Correlating stock returns using Python

In this tutorial I'll walk you through a simple methodology to correlate various stocks against each other. We'll grab the prices of the selected stocks using python, drop them into a clean dataframe, run a correlation, and visualize our results.

(1) Import libraries, select our list of stocks to correlate

 import numpy as np
 import pandas as pd
 #used to grab the stock prices, with yahoo
 import pandas_datareader as web
 from datetime import datetime
 #to visualize the results
 import matplotlib.pyplot as plt
 import seaborn

 #select start date for correlation window as well as list of tickers
 start = datetime(2017, 1, 1)
 symbols_list = ['AAPL', 'F', 'TWTR', 'FB', 'AAL', 'AMZN', 'GOOGL', 'GE']

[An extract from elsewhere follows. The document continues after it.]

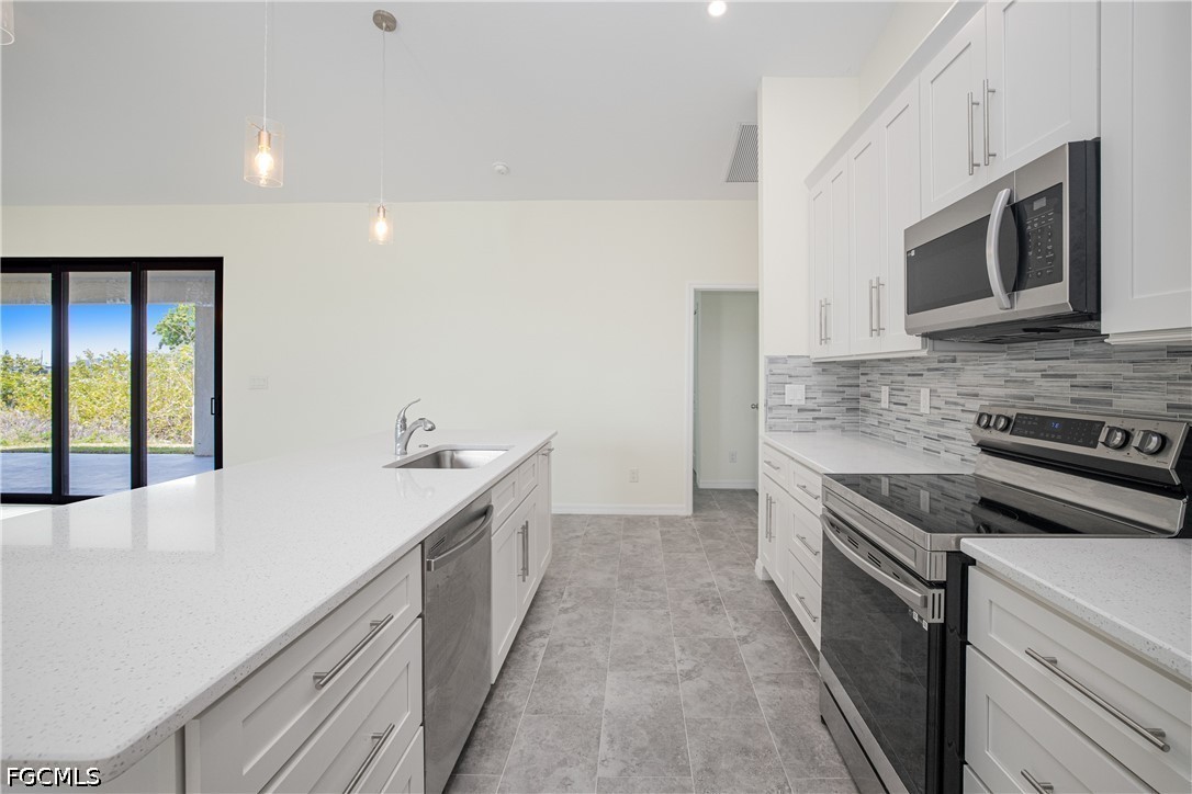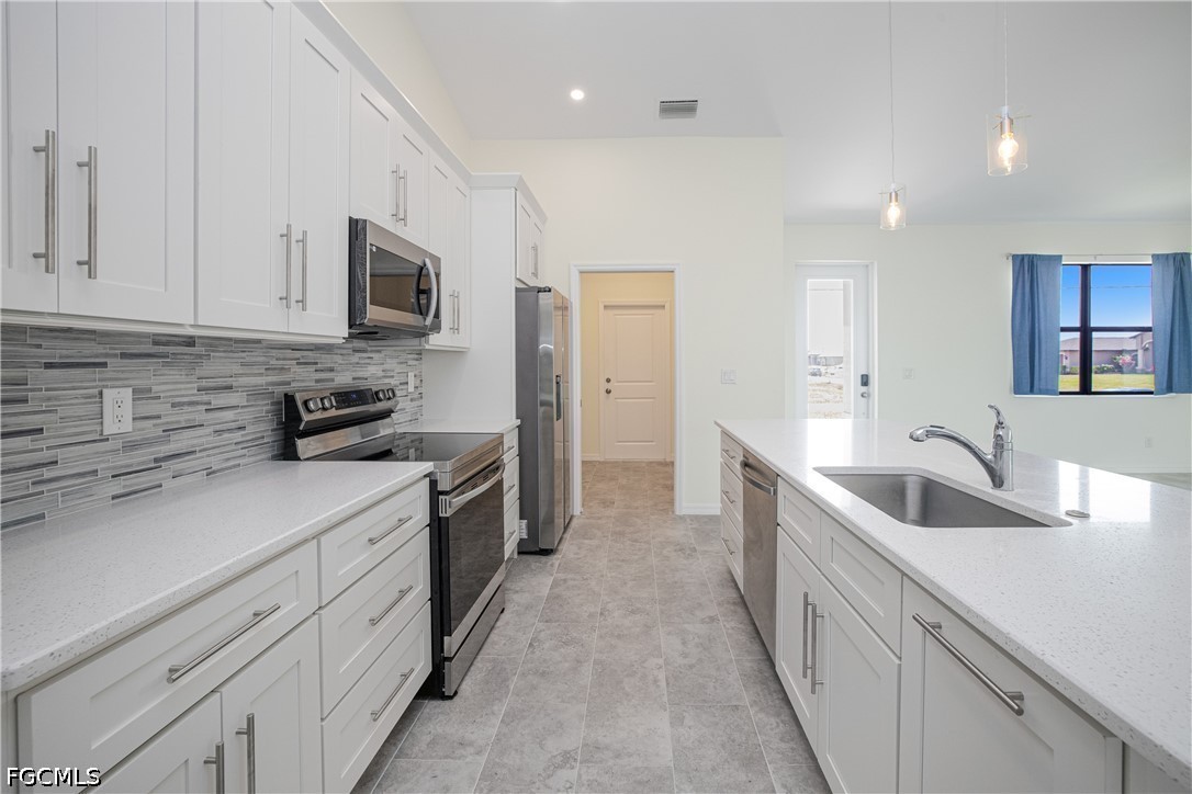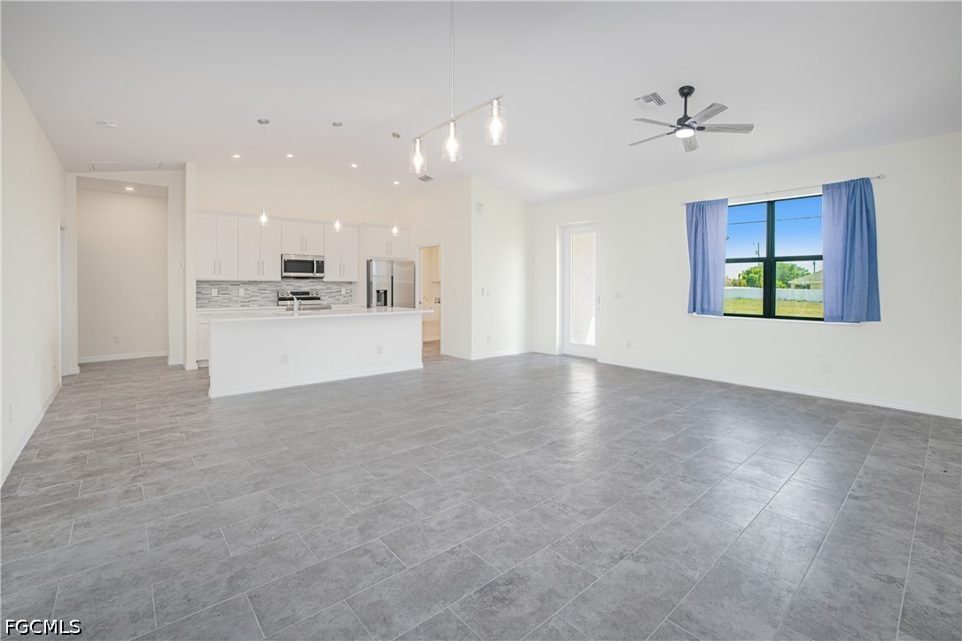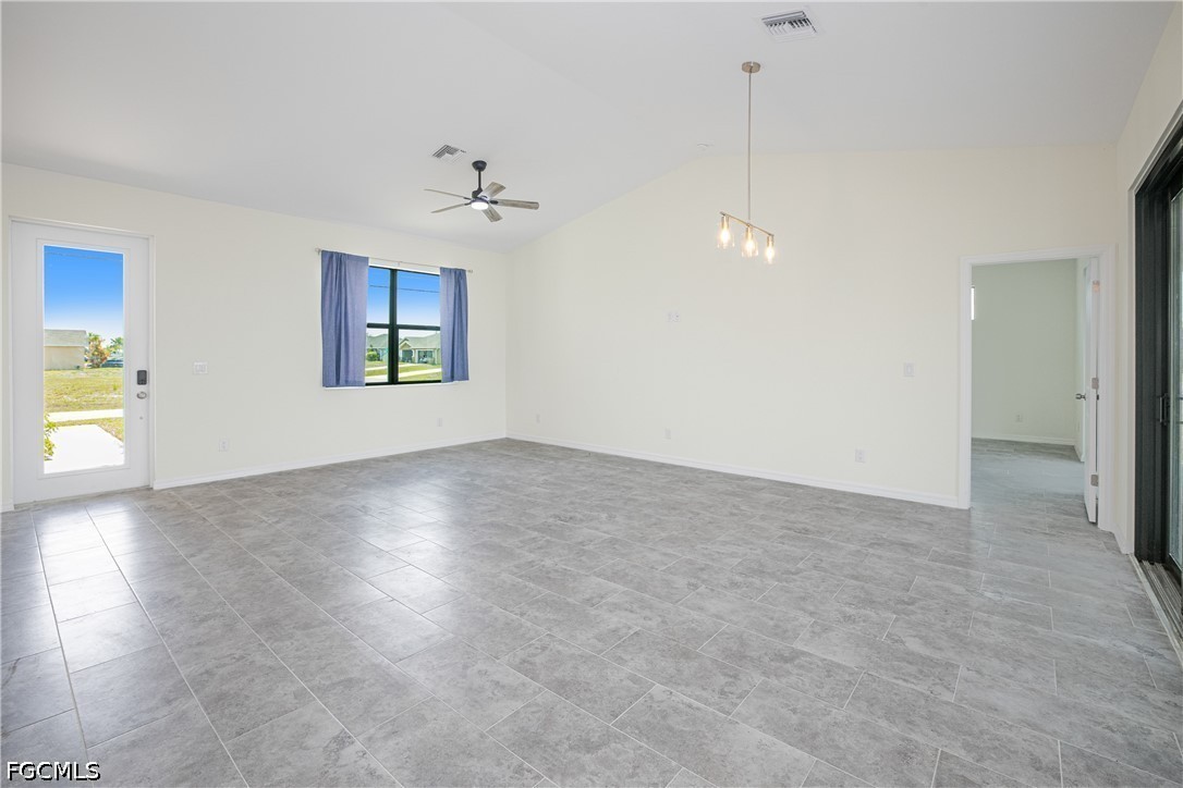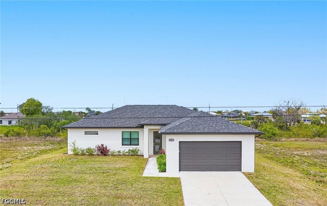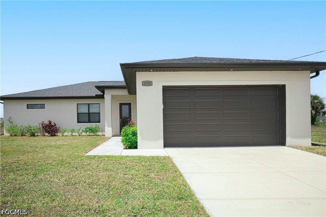 Welcome to your waterfront retreat in Cape Coral! Built in 2024, this beautifully designed 4-bedroom, 2-bath home offers 1,787 square feet of modern living along the scenic Loch Ness Waterway—a freshwater canal with a concrete seawall. Step inside to a bright, open-concept floor plan featuring tile flooring throughout, soaring ceilings, and a seamless flow between the living, dining, and kitchen areas—perfect for everyday living and entertaining. The kitchen is well designed with stylish cabinetry, stainless steel appliances, a spacious island with sink, and ample prep and storage space. The split-bedroom layout offers privacy and flexibility, with a private primary suite and additional bedrooms ideal for family, guests, or a home office. Even the garage stands out with epoxy flooring, helping keep the space clean and polished. Enjoy peace of mind with impact-resistant windows, and enjoy the lanai and backyard overlooking the tranquil canal—perfect for relaxing, fishing, kayaking, or creating your dream outdoor oasis. Located in the growing NW Cape Coral area, this home provides convenient access to top local attractions, including Sunsplash Family Waterpark, Burnt Store Boat Ramp, and miles of scenic walking and biking paths. Whether you're into boating, outdoor adventures, or simply enjoying the Southwest Florida lifestyle, this location delivers. Newer construction, waterfront living, and no flood insurance required, —this home truly has it all. Schedule your private showing today!

(2) Pull stock prices, push into clean dataframe

#array to store prices
symbols=[]

#pull price using iex for each symbol in list defined above
for ticker in symbols_list: 
    r = web.DataReader(ticker, 'yahoo', start)
    # add a symbol column
    r['Symbol'] = ticker 
    symbols.append(r)

# concatenate into df
df = pd.concat(symbols)
df = df.reset_index()
df = df[['Date', 'Close', 'Symbol']]
df.head()

We're now left with a table in this format:

date close symbol
2017-01-03 113.4101 AAPL
2017-01-04 113.2832 AAPL
2017-01-05 113.8593 AAPL

3) However, we want our symbols represented as columns so we'll have to pivot the dataframe:

 df_pivot = df.pivot('date','symbol','close').reset_index()
 df_pivot.head()
date AAL AAPL AMZN F FB GE GOOGL TWTR
0 2017-01-03 45.7092 113.4101 753.67 11.4841 116.86 30.1370 808.01 16.44
1 2017-01-04 46.1041 113.2832 757.18 12.0132 118.69 30.1465 807.77 16.86
2 2017-01-05 45.3044 113.8593 780.45 11.6483 120.67 29.9754 813.02 17.09
3 2017-01-06 45.6203 115.1286 795.99 11.6392 123.41 30.0610 825.21 17.17
4 2017-01-09 46.4792 116.1832 796.92 11.5206 124.90 29.9183 827.18 17.50

(4) Next, we can run the correlation. Using the Pandas 'corr' function to compute the Pearson correlation coeffecient between each pair of equities

 corr_df = df_pivot.corr(method='pearson')
 #reset symbol as index (rather than 0-X)
 corr_df.head().reset_index()
 del corr_df.index.name
 corr_df.head(10)
symbol AAL AAPL AMZN F FB GE GOOGL TWTR
AAL 1.000000 0.235239 0.226061 0.068024 0.356063 -0.332681 0.494075 0.169487
AAPL 0.235239 1.000000 0.868763 0.184501 0.911380 -0.895210 0.903191 0.781755
AMZN 0.226061 0.868763 1.000000 0.108351 0.744732 -0.937415 0.864455 0.955373
F 0.068024 0.184501 0.108351 1.000000 0.206055 -0.216064 0.189753 0.161078
FB 0.356063 0.911380 0.744732 0.206055 1.000000 -0.814703 0.900033 0.650404
GE -0.332681 -0.895210 -0.937415 -0.216064 -0.814703 1.000000 -0.882526 -0.866871
GOOGL 0.494075 0.903191 0.864455 0.189753 0.900033 -0.882526 1.000000 0.789379
TWTR 0.169487 0.781755 0.955373 0.161078 0.650404 -0.866871 0.789379 1.000000

5) Finally, we can plot a heatmap of the correlations (with Seaborn and Matplotlib) to better visualize the results:

 #take the bottom triangle since it repeats itself
 mask = np.zeros_like(corr_df)
 mask[np.triu_indices_from(mask)] = True
 #generate plot
 seaborn.heatmap(corr_df, cmap='RdYlGn', vmax=1.0, vmin=-1.0 , mask = mask, linewidths=2.5)
 plt.yticks(rotation=0) 
 plt.xticks(rotation=90) 
 plt.show()

py corr output

Here we can see that, as expected, the tech companies are generally pretty highly correlated (as indicated by dark green -- AMZN/GOOGL, FB/AAPL, etc). Conversely, Ford (F) and General Electric (GE) are either not correlated or negatively correlated with the rest of the group.